The nutritional content of a feed refers to the content of proteins, energy, vitamins,
minerals, etc. The nutritional unit UN represents the potential of the forage, illustrating
mainly the level and effect of its energy content, which the animal uses for its production, in
this case for milk production [
42
]. Prices for forages are average values on the free market.
The fodder rations were optimized both in terms of covering the UNL and PDI
required for the maintenance of the animals’ vital functions and for milk production, as
well as from an economic point of view, based on the specific technological allocation
requirements of inputs at average prices on the market, to obtain the necessary incomes to
cover the expenses allocated by the farmer, as well as to obtain a profit. Feed rations for
animals can be very varied, depending on local resource availability and on feed purchases
made by the farmer, etc. A ration used in an association of sheep breeders with whom we
were in contact includes in the winter season 2 kg of alfalfa hay, 1.2 kg of high-moisture
fodder like corn silage, and 0.4 kg of concentrated fodder—grains of corn and sunflower
meal—and in summer 5 kg of green fodder, like pasture or green maize, and 0.3 kg of
concentrated feed—grains of corn and sunflower meal. In the implementation of specific
measures during the preparation period for the calving campaign in winter, when sheep
are in the stable, vitamin and mineral supplements can be administered at a proportion of
1% of the concentrated feed.
Based on the estimated average yields under climate change conditions for ration
forages, the areas required for fodder cultivated on the farm were calculated. The income
and expenditures budget was drawn up, with the components of variable expenditure
(feed, biological material, energy, medicines, other material expenditure, and supply quota)
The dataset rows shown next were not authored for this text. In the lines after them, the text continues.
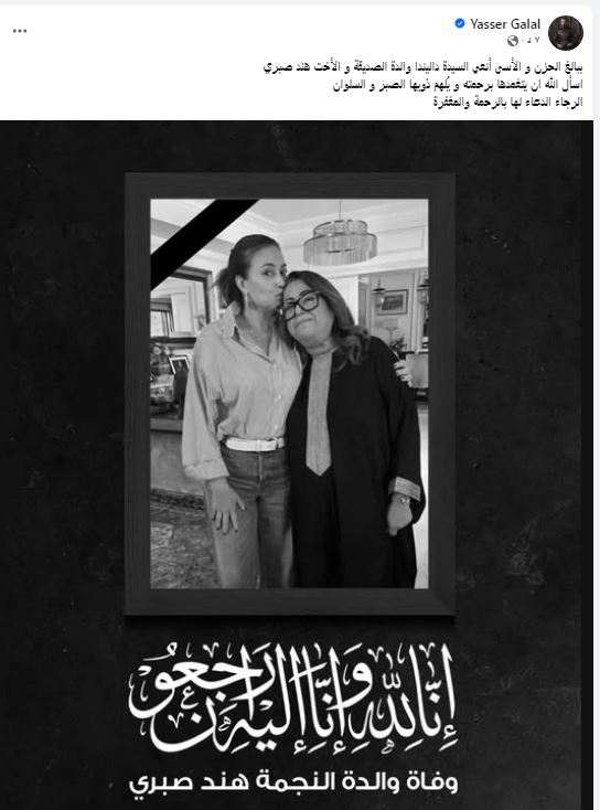 نعي الفنان ياسر جلال والدة الفنانة هند صبري والتي توفيت صباح اليوم بعد صراع مع المرض وكتب عبر صفحته الرسمية "فيس بوك" " ببالغ الحزن والأسى أنعى السيدة داليندا والدة الصديقة و الأخت هند صبري اسأل الله ان يتغمدها برحمته و يُلهم ذويها الصبر و السلوان الرجاء الدعاء لها بالرحمة والمغفرة".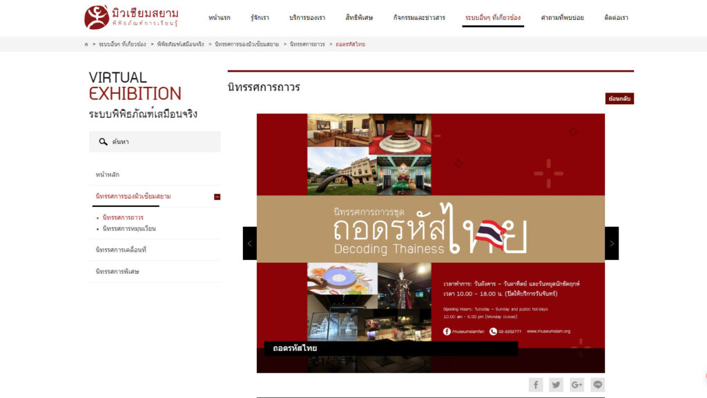 เข้าชมนิทรรศการเสมือนจริง 360 องศา “ถอดรหัสไทย” ได้ที่ลิงก์ https://www.museumsiam.org/virtualexhibition/DecodeThai_4
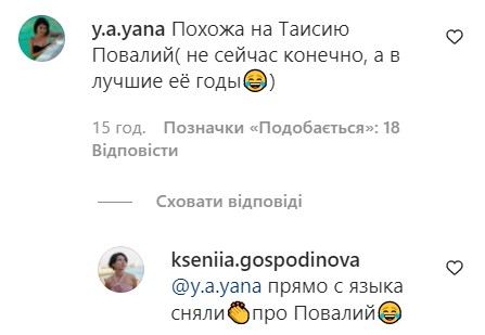 Однако фанаты обратили свое внимание не только на соблазнительный образ певицы. Они продолжают бурно обсуждать новый имидж звезды. "На Повалий похожа", "Похожа на Таисию Повалий (не сейчас конечно, а в лучшие ее годы)", "Я подумала, откуда в моей ленте Таисия Повалий?! На этом фото очень на нее похожи", - высказались по этому поводу подписчики.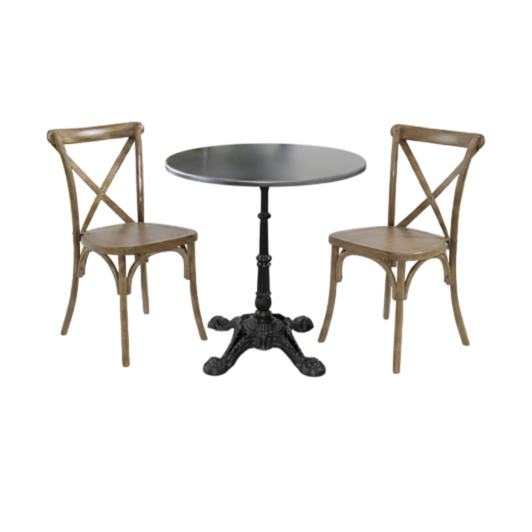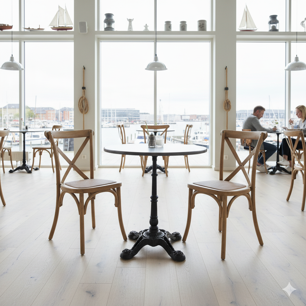 Cafépakke med cafébord og 2 Crossback stole i plast – stilrent og professionelt valg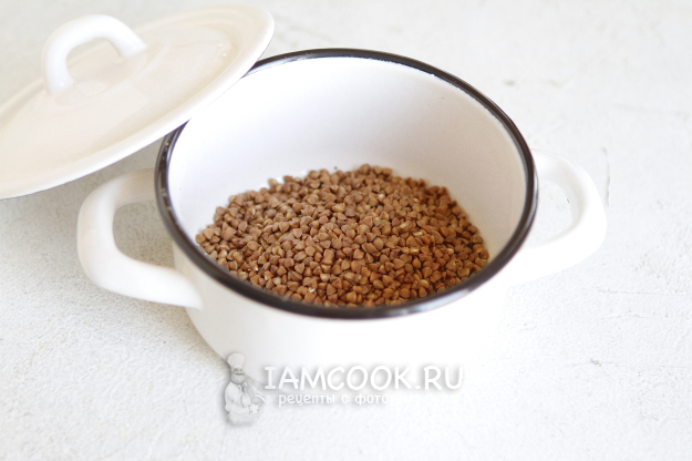 Крупу гречневую промойте под проточной водой, откиньте на дуршлаг, а затем переложите в кастрюлю или сотейник.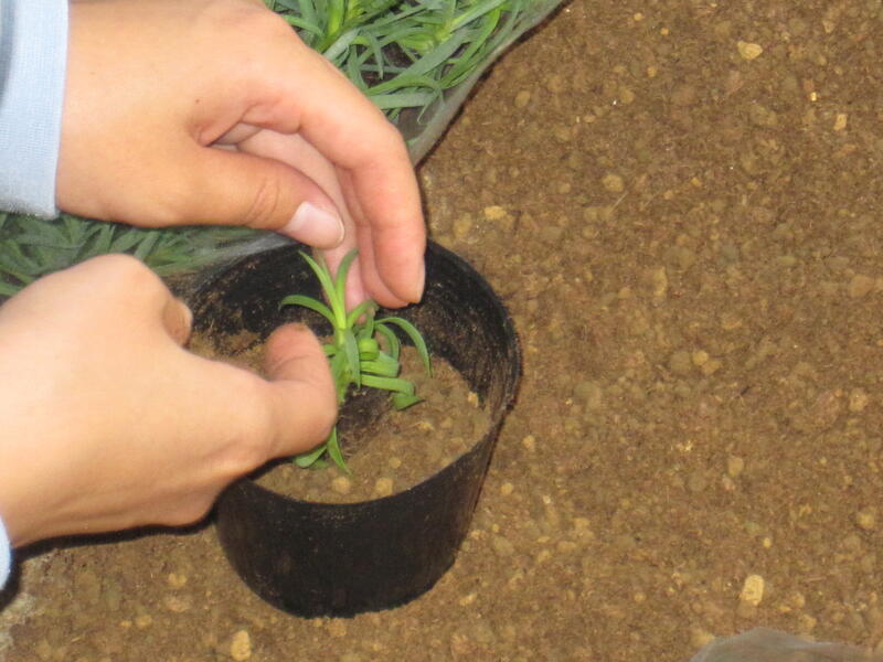 授業でカーネーションの鉢上げを行いました。

and fixed expenditure (labor, general expenditure, interest, and amortization) as well as

Agriculture 2024,14, 1656 6 of 16
with the component of income indicators: value of production, value of main production,
taxable income, net income, and income rates, following the formulas described below:
TE = VE + FE,
in which TE—total expenditures, VE—variable expenditures, Fe—fixed expenditures.
VE=F+b+e+m+o+s+in,
in which F—forage costs, b—biologic material, e—energy, m—medicines, o—other materi-
als, s—supply quota, in—insurance.
FE=l+g+i+a,
in which l—labor, g—general costs, i—interests, a—amortization.
VP = VM + VS,
in which VP—value of production, VM—value of main production, VS—value of secondary
production.
TI = VP −TE,
in which TI—taxable income.
NI = TI −t
in which NI—net income, t—taxes.
TIR = TI/EM
in which TIR—taxable income rate, EM—expenditures for main production.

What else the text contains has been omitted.